# Four man limit at Foot Dam!!!!



## Slodrift (Oct 28, 2006)

Made ya look, April Fools!!!!!:lol:


----------



## MuskyDan (Dec 27, 2001)

That was a good one!:lol:


----------



## autumnlovr (Jul 21, 2003)

Oh MAAAANNNN. And here I thought Hell froze over!


----------



## Firemedic (Apr 5, 2005)

Jerk...........


----------



## sport72186 (Dec 20, 2007)

haha


----------



## snowman11 (Nov 21, 2006)

Way to go, people everywhere read that title and jumped in the car without even thinking about it! 
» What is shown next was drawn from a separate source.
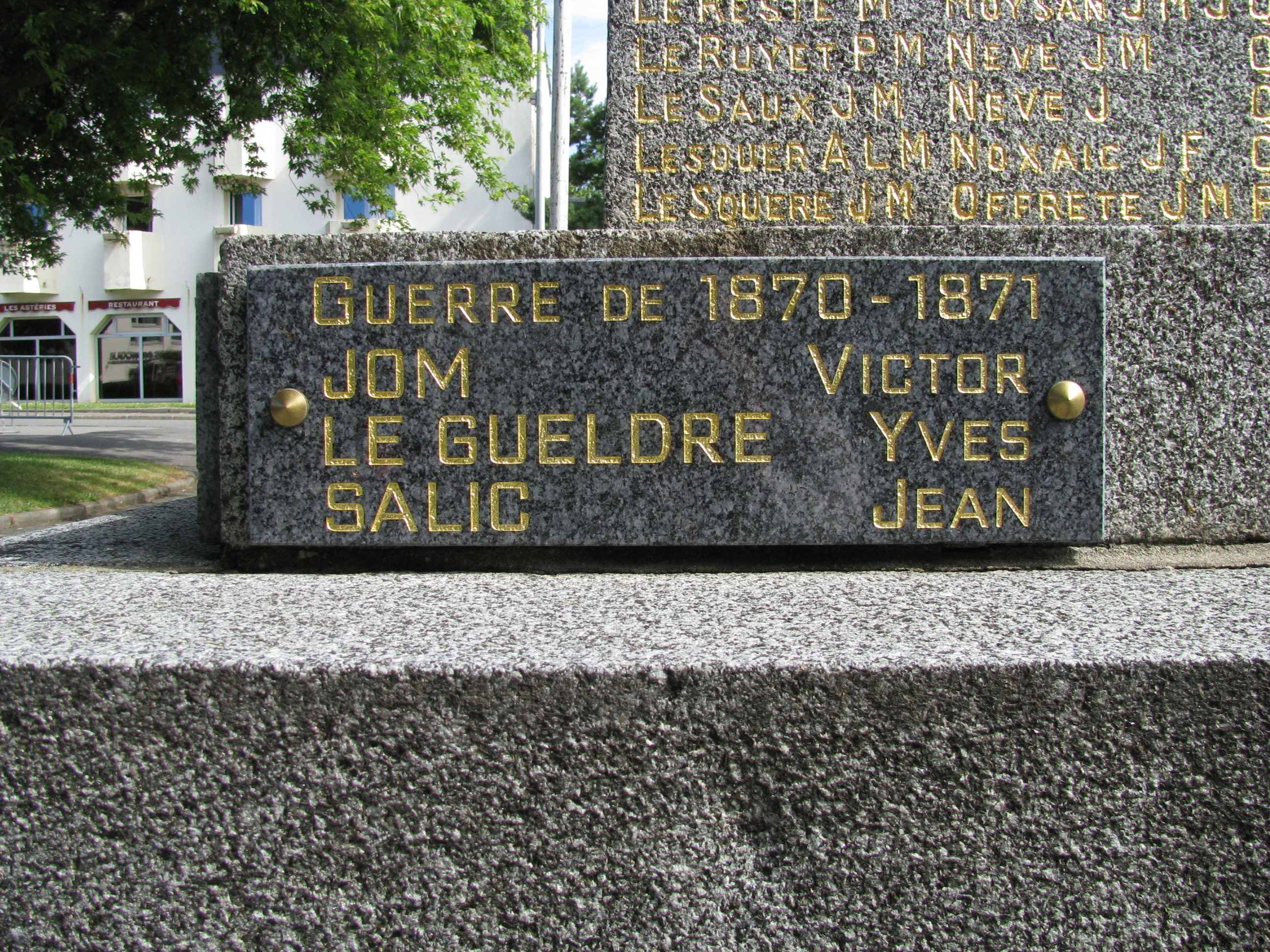 Plaque commémorant les trois ploemeurois morts pendant le conflit de 1870-1871Immatriculation

I don't even think I'm going to get to fish this year  Got too many bills to pay to drop $100 on gas and crap to get up there, plus taking days off from school. 

Always next year.


----------



## Fishndude (Feb 22, 2003)

I saw this one coming. :lol:


----------



## Slodrift (Oct 28, 2006)

Sorry guys and gals but I could'nt resist. ne_eye:


----------



## ausable_steelhead (Sep 30, 2002)

HA Shawn!, too bad I'm on the river EVERY week and know how the Big A is fishing, so nope, you never had me on this one:evilsmile! Hey what do ya think about this warm rain and the river at 2100.....


----------



## Slodrift (Oct 28, 2006)

Can you say fish on!!! :xzicon_sm


----------



## TroutSeeker71 (Mar 24, 2008)

And I thought I was on my game all day today!


----------



## fisheyejack (Mar 6, 2007)

got me too


----------